Claude Sonnet 5 Is Live: Real Agentic Gains at a Price Built for Daily Use
The exact benchmark numbers separating Sonnet 5 from Sonnet 4.6 and Opus 4.8, and what they mean for real work
What matters today
The exact benchmark numbers separating Sonnet 5 from Sonnet 4.6 and Opus 4.8, and what they mean for real work
Key points
- What Actually Changed
- The Pricing Detail Most Coverage Missed
- Where It Runs
- Sonnet 5 vs. Opus 4.8: The Actual Decision Rule
- Use Case One: Contract Review, Start to Finish
What You'll Learn
- The exact benchmark numbers separating Sonnet 5 from Sonnet 4.6 and Opus 4.8, and what they mean for real work
- Where Sonnet 5 runs today: claude.ai, Claude Code, AWS Bedrock, Google Vertex AI, and Microsoft Foundry
- A clear rule for choosing Sonnet 5 over Opus 4.8, with the one setting that controls both cost and quality
- A step-by-step contract review workflow you can run this week, plus a second use case for competitive research
- The pricing catch buried in Anthropic's footnotes that changes how much you actually pay per task
Every few months, a new model launches with a press release full of "significant improvements" and no numbers you can act on. Sonnet 5, which Anthropic shipped on June 30, 2026, is not that. It comes with a benchmark table, an effort dial that trades cost for quality in real time, and a price that stays flat instead of climbing.
The decision in front of Executives is not whether to use Claude. It is which model to route each job to, and whether paying Opus prices is still necessary for tasks that used to require it. Get that wrong and you either overpay for routine work or undershoot on tasks that need real reasoning depth.
Below: the numbers behind the "agentic" claim, where the model runs, when to reach for Opus 4.8 instead, and a full walkthrough of a contract review workflow built for Sonnet 5's new effort levels.
What Actually Changed
"Agentic" gets thrown around a lot. In practice it means a model that plans a multi-step task, uses tools like a browser or terminal, checks its own work, and keeps going without you re-prompting it after every step. Anthropic's launch post describes testers watching Sonnet 5 finish jobs "where previous Sonnet models would stop short," including a case where the model investigated a bug, wrote a test to reproduce it, fixed it, then stashed the fix to confirm the bug returned without it, all in a single unprompted pass.
The clearest apples-to-apples read sits in SWE-bench Pro, a real-world software engineering benchmark. It is the only benchmark in Anthropic's release notes with a published score for Sonnet 4.6, Sonnet 5, and Opus 4.8 alike, so it is the one comparison below that is not missing a data point for any of the three models.
Sonnet 4.6
58.1%
Sonnet 5
63.2%
Opus 4.8
69.2%
SWE-bench Pro score, the only benchmark here with a published number for all three models.

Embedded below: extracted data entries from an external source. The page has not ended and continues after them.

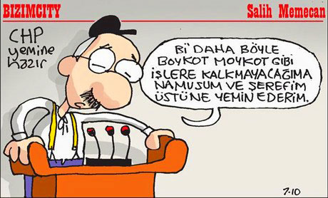 Başkent'te süren çalışmalar CHP’nin yemin etmesiyle ilgili beklentileri artırdı. Sabah çizeri Salih Memecan da bugün CHP'nin yemin törenini çizdi. Kılıçdaroğlu'na yemin ettiren Memecan CHP'lileri kızdıracak..
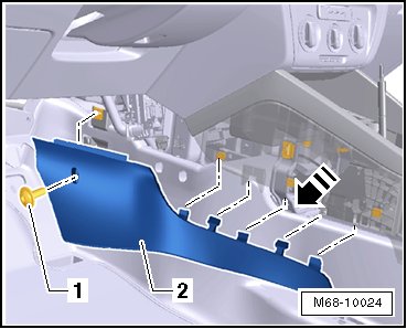 - Remove the trim - 2 - from the center console in - direction of arrow -.
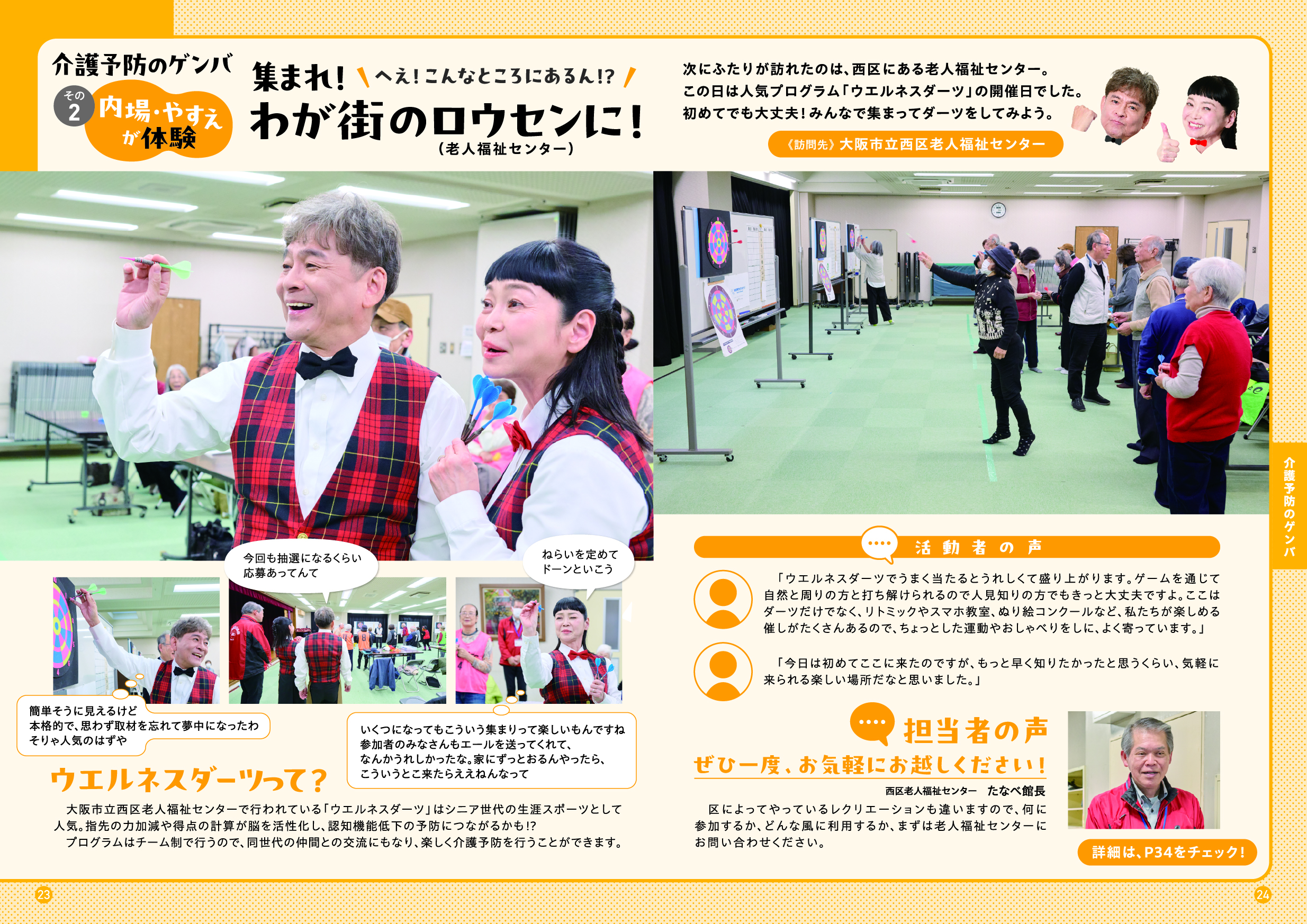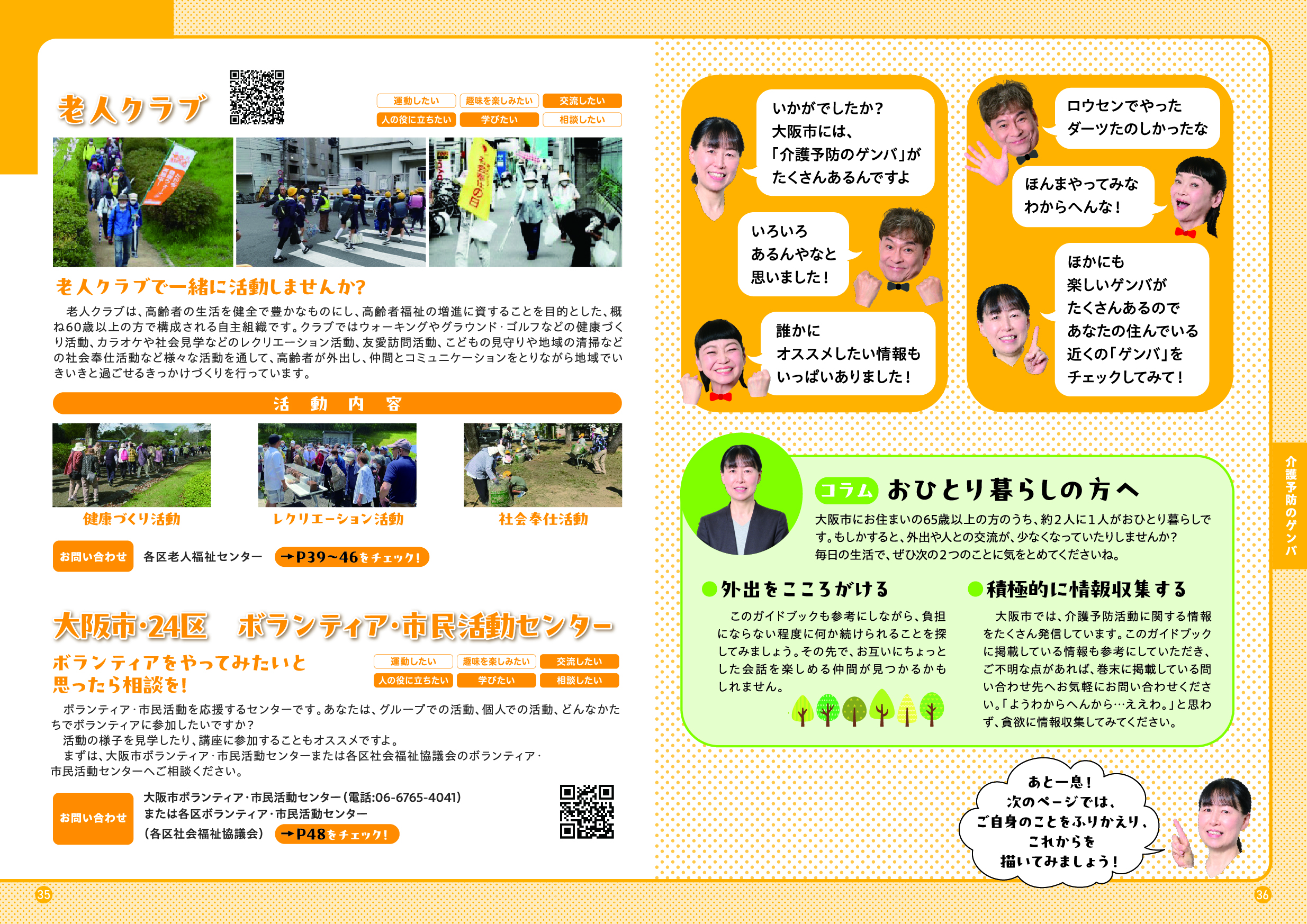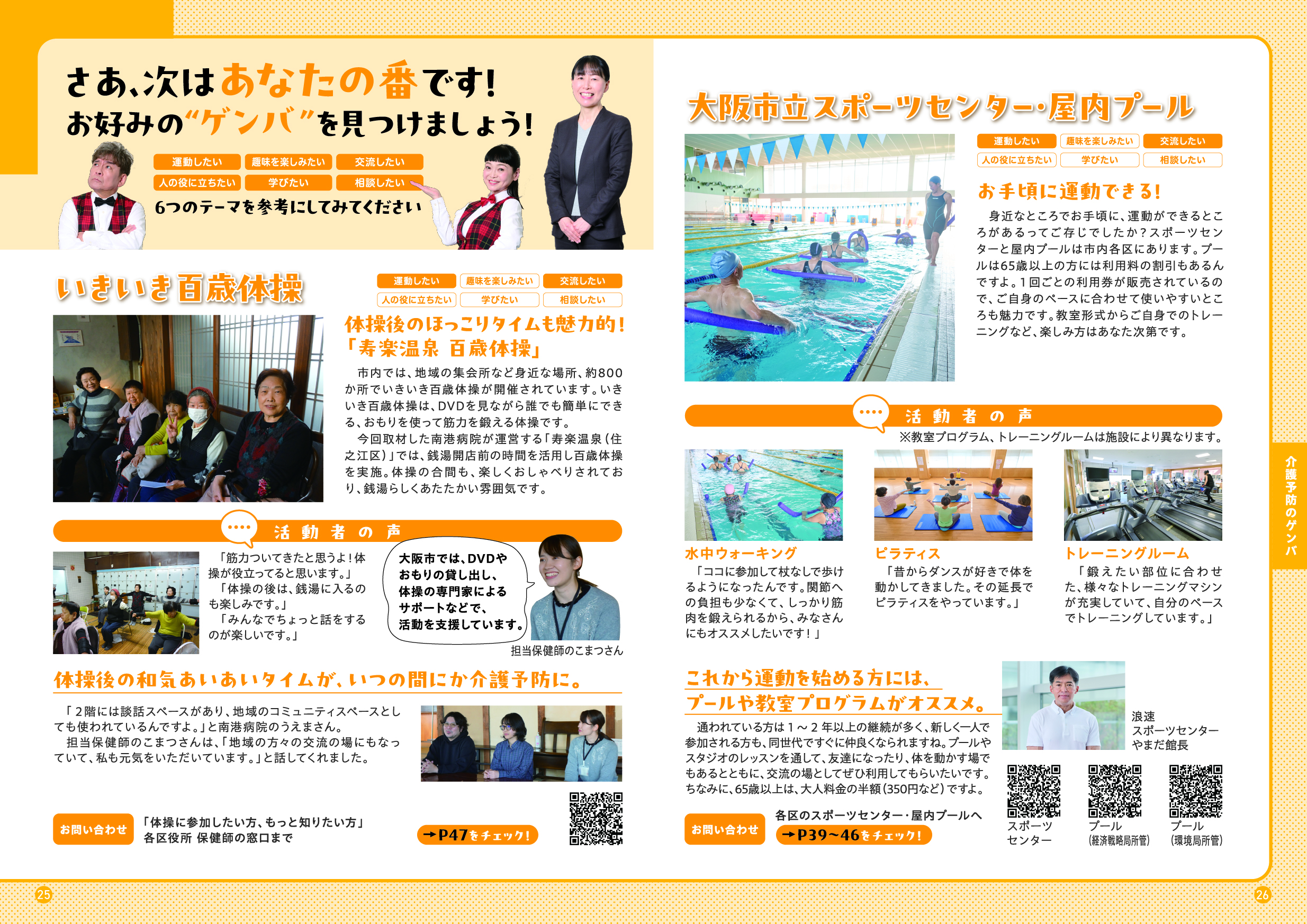 このガイドブックでは、「大阪市介護予防アンバサダー」である吉本新喜劇の内場勝則さんと未知やすえさんが、介護予防についての街角インタビューや、専門家との対談を通じて、介護予防の大切さをわかりやすくご紹介しています。また、皆さんに参加いただける介護予防活動の場もご紹介しています。アンバサダーと一緒に、楽しみながら、ご自身にあった活動を見つけていただき、介護予防について考えていただける内容となっていますので、ぜひ最後までご覧ください。
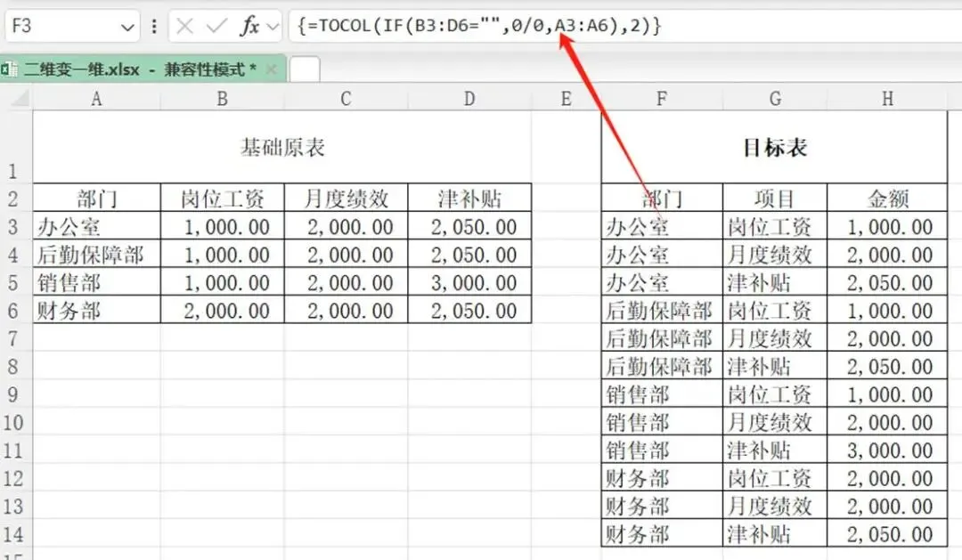 Tocol函数是excel新函数,个人觉得非常方便,值得推荐!!
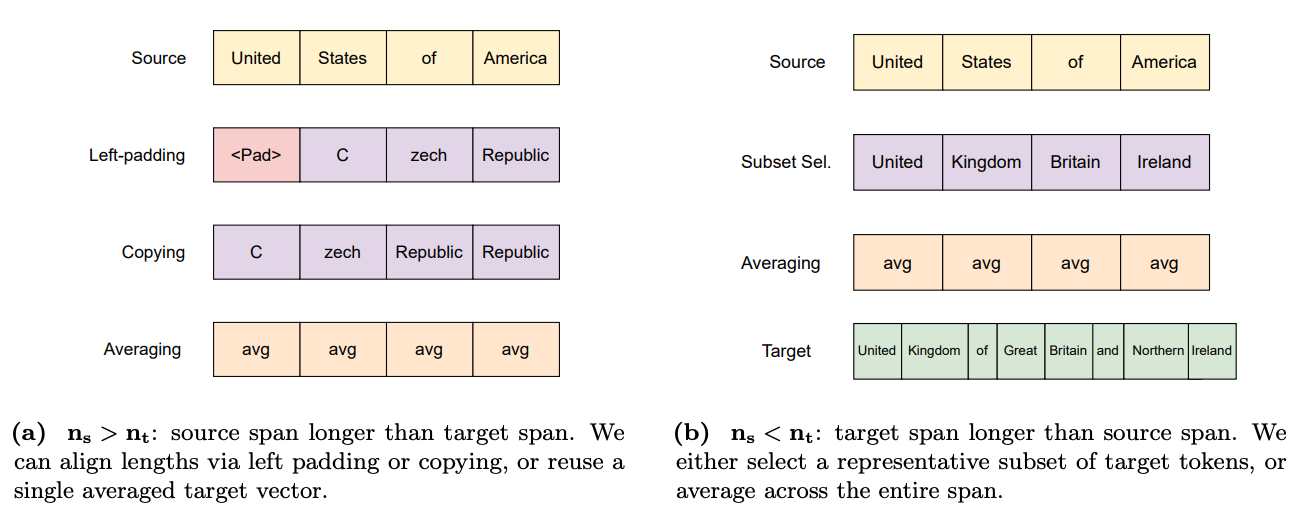 - Copying: An alternative for n_s > n_t; tokens from the shorter target sequence are repeated to fill the longer source span.
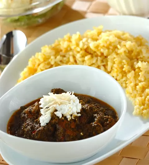 風邪予防、美肌効果などに効果があるホウレン草を使ったカレーに、ニンジンの甘みが広がるライスを添えて。
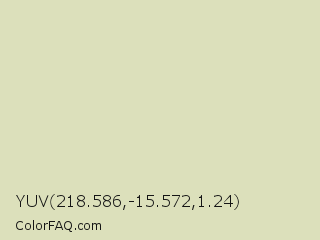 YUV 218.586,-15.572,1.24 Color is a very light yellow color and the nearest color is Beryl Green #dee5c0. Hex code #dce0bb and RGB value is rgb(220,224,187). In RGB color space, this color is composed of 86% red, 88% green, 73% blue, In CMYK color space, this color is composed of 2% cyan, 0% magenta, 17% yellow , 12% black , In HSL color space, this color has a hue angle of 66° , 37% saturation and 81% lightness.
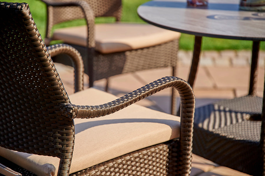 Recyclable, rustproof powder-coated aluminium frame. Premium scratchproof synthetic all seasons rattan. Bronze coloured weave. Handwoven. UV-resistant to over 5000 UV hours. Antibacterial, easy-to-clean wood-effect HPL tabletop. Resistant to extreme temperatures from -70°C to +80°C with no fading, cracking or splitting. -
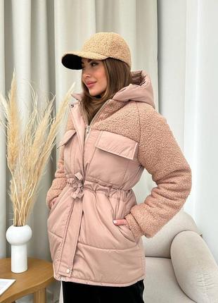 Куртка арт. vm. 0123 Ткань: качественная плащевка производство Турция + мягкий мех барашик Турция Наполнитель: силикон 250. Рукав тоже утеплен силиконом. Размер: 42-44; 44-46; 46-48 Цвет: бежевый, черный, молоко, мокко Цена дроп/опт: 1300 грн
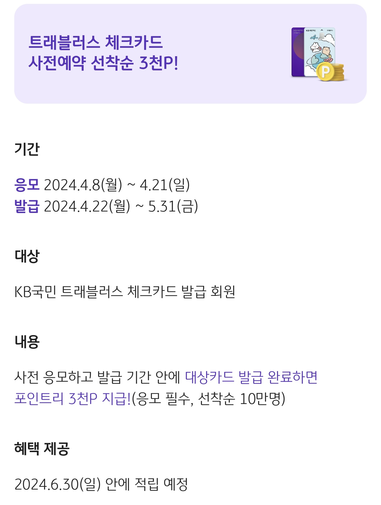 국민 트래블러스 체크카드의 정식 출시일은 4/22(월)입니다. 하지만 이에 앞서 사전에 응모하고 발급 신청을 한 사람을 대상으로 선착순 10만명에게 포인트리 3천 포인트를 지급하는 이벤트를 진행중입니다.
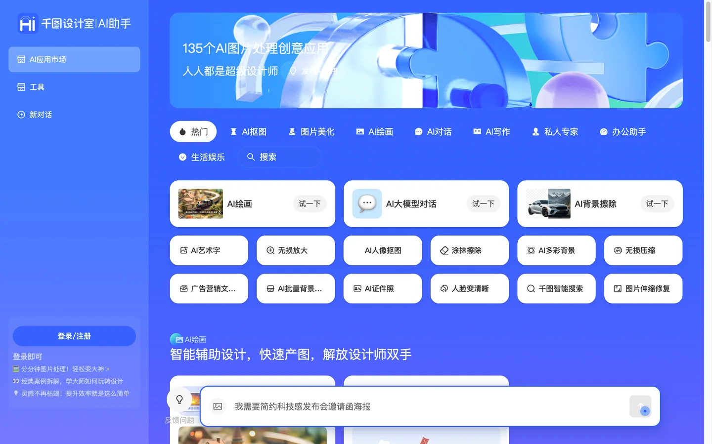 AI辅助图片处理,让设计效率提升30%,包含抠图/AI绘画/AI对话等50+工具,人人都是超级设计师
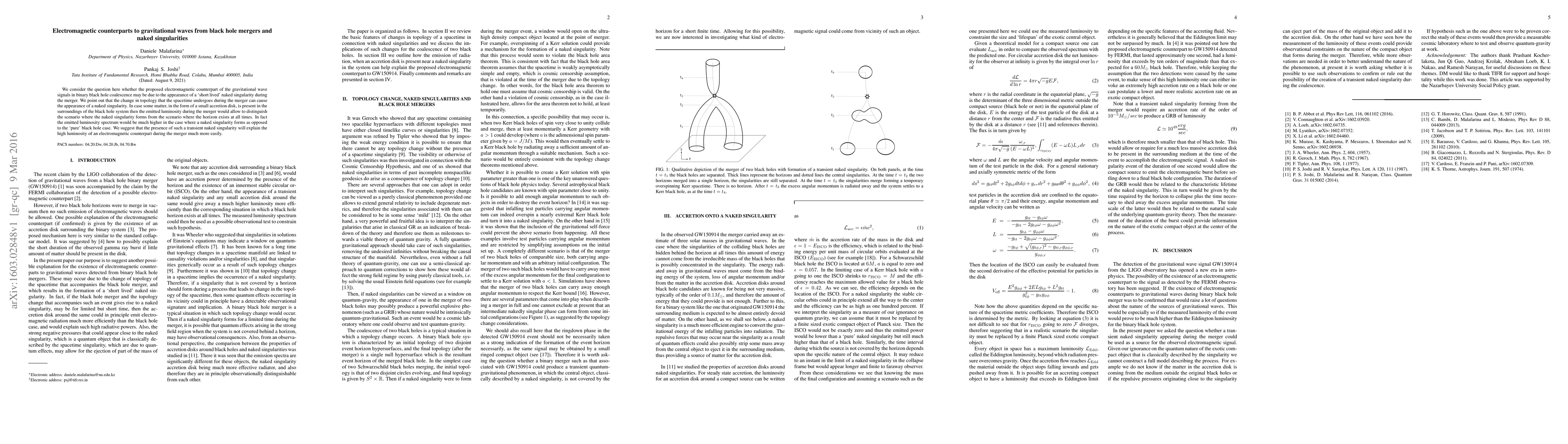 We consider the question here whether the proposed electromagnetic counterpart of the gravitational wave signals in binary black hole coalescence may be due to the appearance of a `short lived' naked singularity during the merger. We point out that the change in topology that the spacetime undergoes during the merger can cause the appearance of a naked singularity. In case some matter, in the form of a small accretion disk, is present in the surroundings of the black hole system then the emitted luminosity during the merger would allow to distinguish the scenario where the naked singularity forms from the scenario where the horizon exists at all times. In fact the emitted luminosity spectrum would be much higher in the case where a naked singularity forms as opposed to the `pure' black hole case. We suggest that the presence of such a transient naked singularity will explain the high luminosity of an electromagnetic counterpart during the merger much more easily.
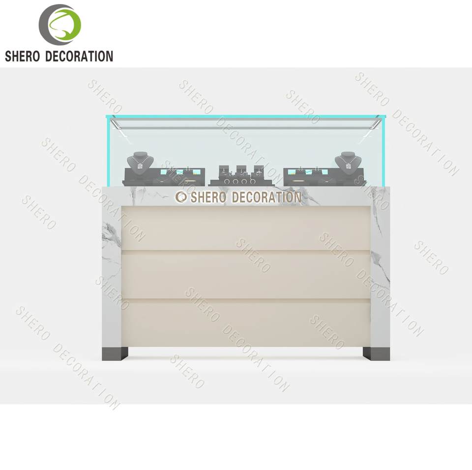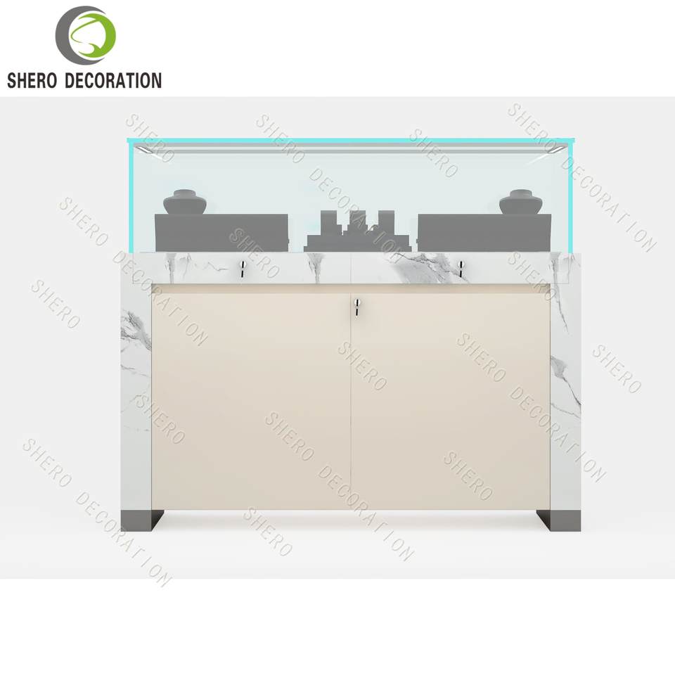 ออกแบบเคาน์เตอร์ร้านขายเครื่องประดับกระจกแบบกำหนดเอง ตู้โชว์เครื่องประดับพร้อมไฟ
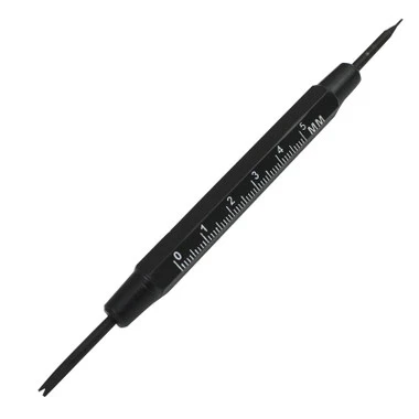 This is a new take on the traditional Spring Bar Tool. With a millimeter scale on the handle, you can now easily measure the parts you need to replace in a watch and do the actual replacing or adjusting of the watch band. Like a traditional Spring Bar Tool, both ends are replaceable and interchangeable, with one pointed and one forked end for versatility.
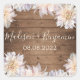 Rosa Dahlia Blume Rustikales Holz Hochzeitsplatz Quadratischer Aufkleber
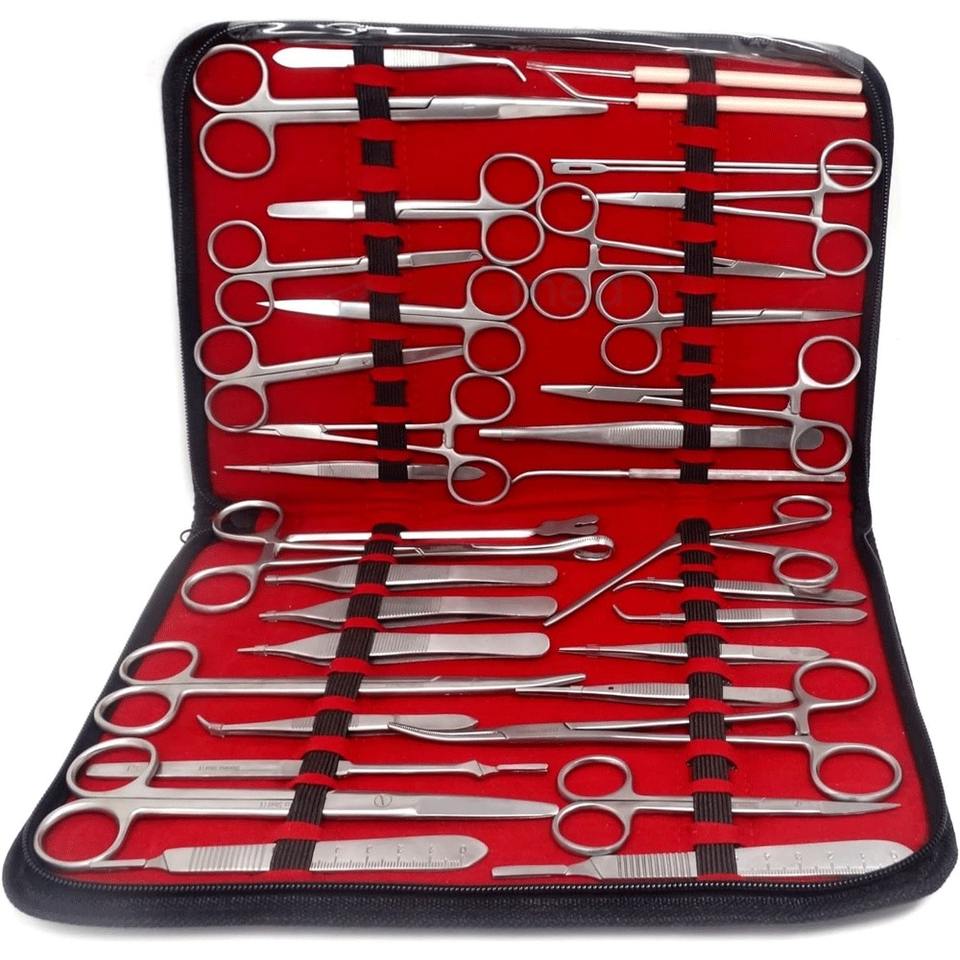 Kit de Instrumentos Veterinarios Premium de 157 Piezas, Tijeras, Pinzas, Portaagujas, Mango de Bisturí, Acero Inoxidable, Todo en Uno

Sonnet 5 closes roughly half the gap to Opus 4.8 that Sonnet 4.6 carried on this benchmark, a 5.1-point jump against a 6-point gap still remaining above it. A few other benchmarks show real movement too, though Anthropic has not published a matching score for all three models on any of them, so they are worth knowing but are not a fair 3-way comparison. On OSWorld-Verified, a test of operating a real computer by clicking, typing, and navigating software, Sonnet 5 hits 81.2 percent, up from Sonnet 4.6's 78.5 percent (no published Opus 4.8 score on this one). On Terminal-Bench 2.1, a command-line task benchmark, Sonnet 5 jumps to 80.4 percent from Sonnet 4.6's 67.0 percent, its biggest release-over-release gain of the group (again, no published Opus 4.8 score). On Humanity's Last Exam with tools enabled, a graduate-level reasoning test, Sonnet 5 scores 57.4 percent, nearly matching Opus 4.8's 57.9 percent (no published Sonnet 4.6 score here). And on GDPval-AA v2, built from real professional tasks across finance, legal, and other GDP-heavy sectors, Sonnet 5 scores 1,618 against Opus 4.8's 1,615, the one case where the cheaper model wins outright (no published Sonnet 4.6 score on this one either). For the document-heavy, judgment-light knowledge work most Executives actually pay people to do, that last comparison is the one worth remembering: Anthropic's own numbers say the cheaper model can win on average.
The Pricing Detail Most Coverage Missed
The headline number is simple: $2 per million input tokens and $10 per million output tokens through August 31, 2026, then $3 and $15 after that, matching Sonnet 4.6 with no price increase. A token is roughly three-quarters of a word, so a million tokens covers about 750,000 words moving in or out of the model.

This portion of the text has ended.